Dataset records
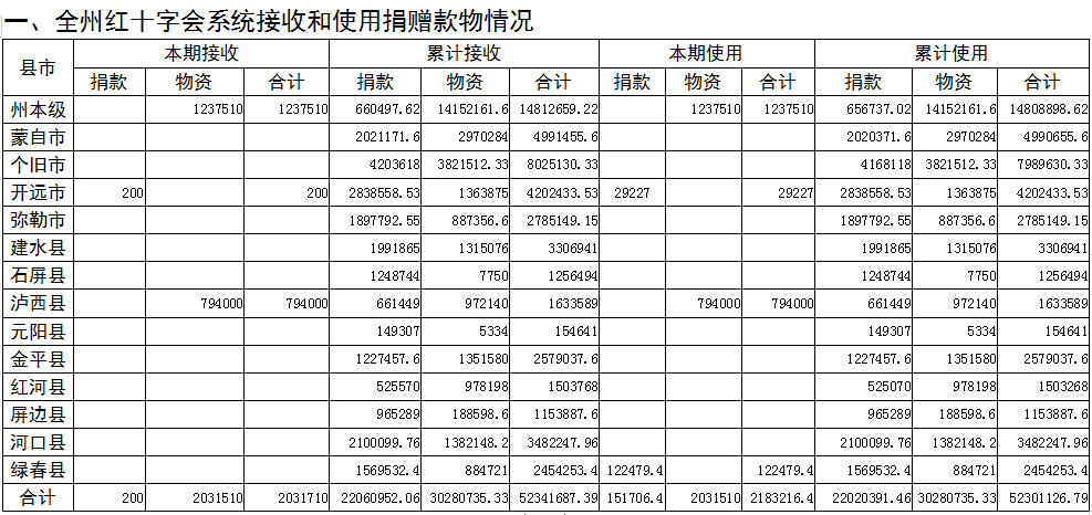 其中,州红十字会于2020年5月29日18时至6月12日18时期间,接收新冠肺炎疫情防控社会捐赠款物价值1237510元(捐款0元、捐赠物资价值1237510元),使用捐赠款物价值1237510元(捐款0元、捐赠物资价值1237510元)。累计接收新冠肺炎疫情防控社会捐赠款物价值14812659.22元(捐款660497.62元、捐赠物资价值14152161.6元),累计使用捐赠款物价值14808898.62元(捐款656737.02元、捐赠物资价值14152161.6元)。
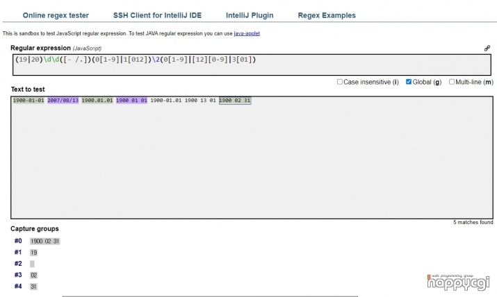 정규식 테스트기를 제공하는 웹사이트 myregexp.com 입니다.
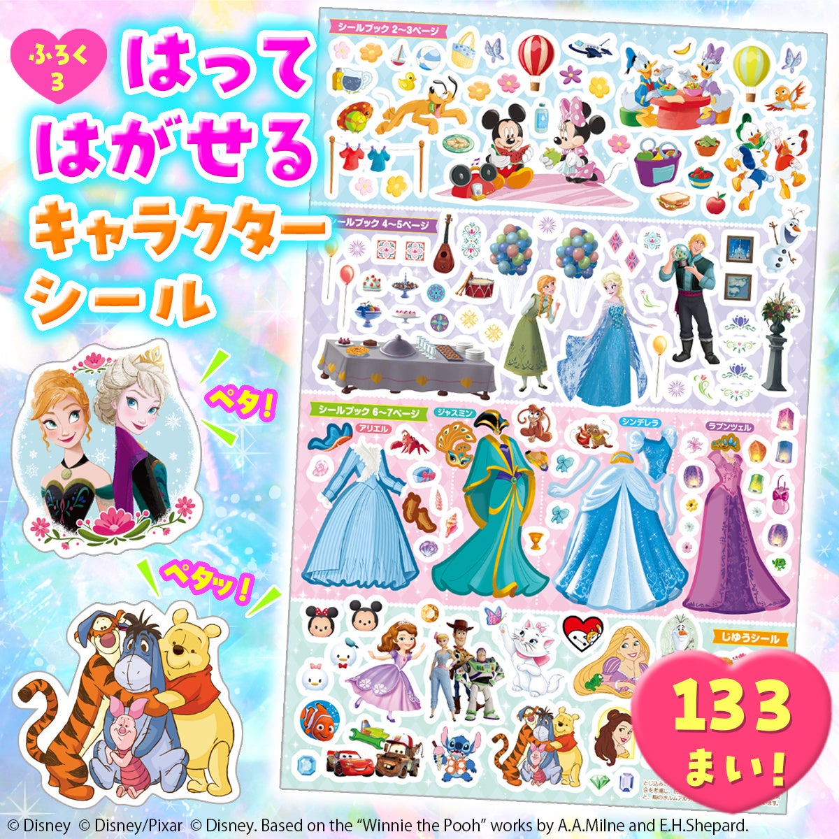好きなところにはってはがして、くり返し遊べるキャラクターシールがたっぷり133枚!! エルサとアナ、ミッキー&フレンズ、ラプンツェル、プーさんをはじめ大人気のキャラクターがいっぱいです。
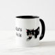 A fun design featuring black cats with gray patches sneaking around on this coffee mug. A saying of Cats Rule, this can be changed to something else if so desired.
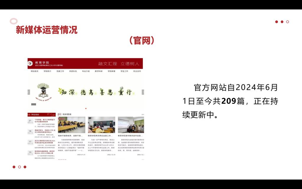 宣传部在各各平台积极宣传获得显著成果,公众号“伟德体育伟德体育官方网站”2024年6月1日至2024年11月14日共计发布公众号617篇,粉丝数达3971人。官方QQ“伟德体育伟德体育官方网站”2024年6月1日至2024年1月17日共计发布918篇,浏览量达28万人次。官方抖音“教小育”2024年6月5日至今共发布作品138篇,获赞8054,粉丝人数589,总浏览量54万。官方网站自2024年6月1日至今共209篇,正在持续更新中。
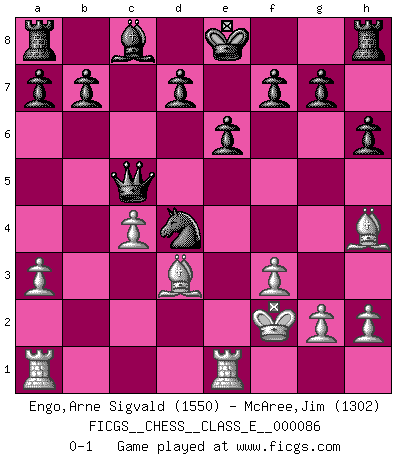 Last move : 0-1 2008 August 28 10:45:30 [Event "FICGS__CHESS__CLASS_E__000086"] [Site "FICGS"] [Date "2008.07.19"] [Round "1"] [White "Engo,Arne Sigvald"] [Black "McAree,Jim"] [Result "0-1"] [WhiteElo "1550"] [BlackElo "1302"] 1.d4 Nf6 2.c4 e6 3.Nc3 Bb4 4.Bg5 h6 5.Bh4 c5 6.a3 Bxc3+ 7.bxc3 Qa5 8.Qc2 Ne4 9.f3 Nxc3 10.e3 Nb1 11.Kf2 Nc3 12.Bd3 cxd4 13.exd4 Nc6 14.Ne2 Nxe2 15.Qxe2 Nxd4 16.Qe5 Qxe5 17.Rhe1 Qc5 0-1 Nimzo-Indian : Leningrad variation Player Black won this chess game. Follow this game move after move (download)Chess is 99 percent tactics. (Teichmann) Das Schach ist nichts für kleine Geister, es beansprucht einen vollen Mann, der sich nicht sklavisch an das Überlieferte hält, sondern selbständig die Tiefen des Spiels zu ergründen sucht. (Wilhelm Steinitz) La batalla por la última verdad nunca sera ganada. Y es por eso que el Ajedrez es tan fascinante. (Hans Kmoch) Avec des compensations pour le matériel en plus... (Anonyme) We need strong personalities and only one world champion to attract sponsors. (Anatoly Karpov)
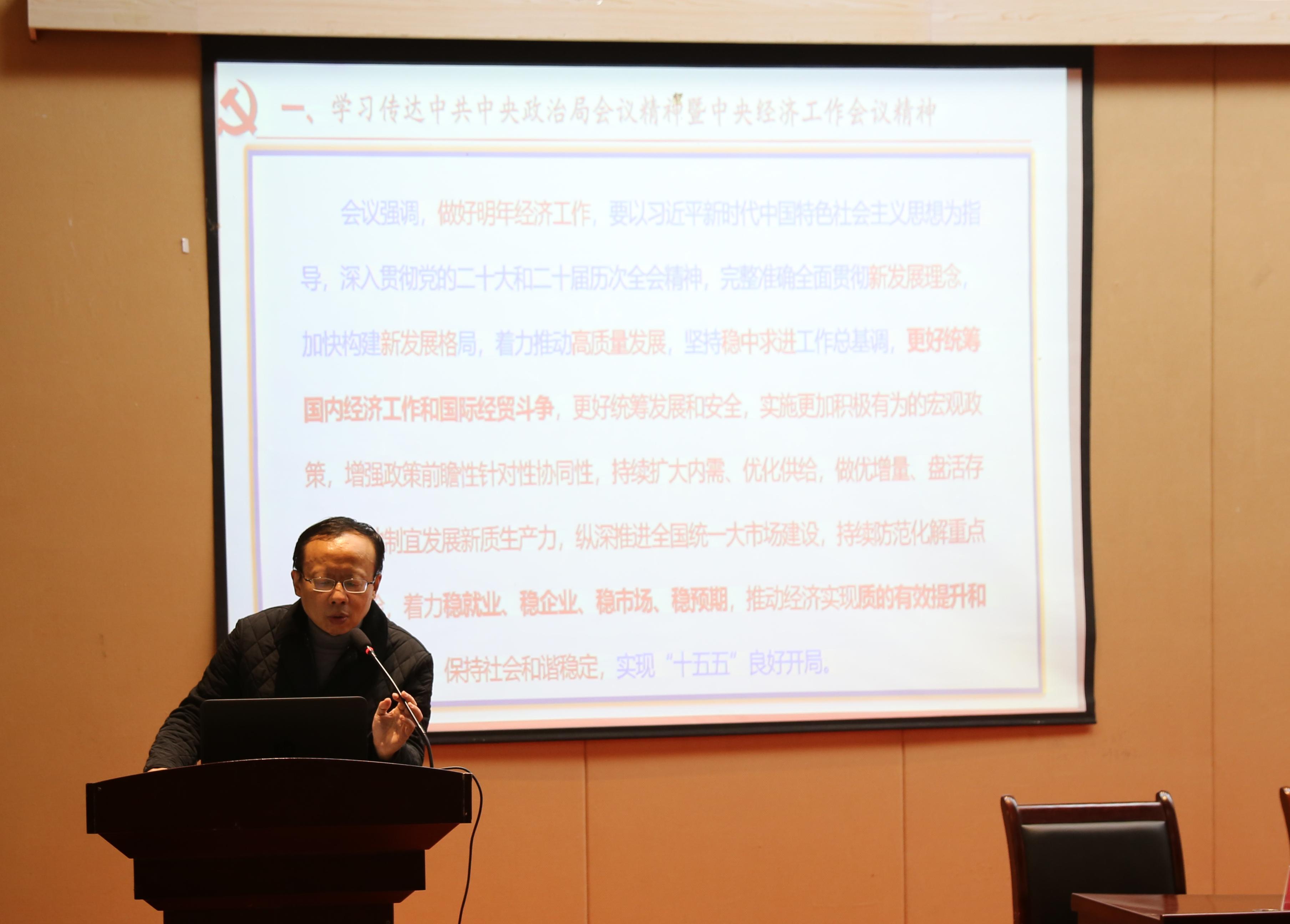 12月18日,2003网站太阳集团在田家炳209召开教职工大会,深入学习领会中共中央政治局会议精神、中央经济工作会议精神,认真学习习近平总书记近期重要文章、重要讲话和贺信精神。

Task item
What is needed is an exact copy of each line from the top of the data above through the line containing "宣传部在各各平台积极宣传获得", with no pictures.

Task result
 其中,州红十字会于2020年5月29日18时至6月12日18时期间,接收新冠肺炎疫情防控社会捐赠款物价值1237510元(捐款0元、捐赠物资价值1237510元),使用捐赠款物价值1237510元(捐款0元、捐赠物资价值1237510元)。累计接收新冠肺炎疫情防控社会捐赠款物价值14812659.22元(捐款660497.62元、捐赠物资价值14152161.6元),累计使用捐赠款物价值14808898.62元(捐款656737.02元、捐赠物资价值14152161.6元)。
 정규식 테스트기를 제공하는 웹사이트 myregexp.com 입니다.
好きなところにはってはがして、くり返し遊べるキャラクターシールがたっぷり133枚!! エルサとアナ、ミッキー&フレンズ、ラプンツェル、プーさんをはじめ大人気のキャラクターがいっぱいです。
 A fun design featuring black cats with gray patches sneaking around on this coffee mug. A saying of Cats Rule, this can be changed to something else if so desired.
 宣传部在各各平台积极宣传获得显著成果,公众号“伟德体育伟德体育官方网站”2024年6月1日至2024年11月14日共计发布公众号617篇,粉丝数达3971人。官方QQ“伟德体育伟德体育官方网站”2024年6月1日至2024年1月17日共计发布918篇,浏览量达28万人次。官方抖音“教小育”2024年6月5日至今共发布作品138篇,获赞8054,粉丝人数589,总浏览量54万。官方网站自2024年6月1日至今共209篇,正在持续更新中。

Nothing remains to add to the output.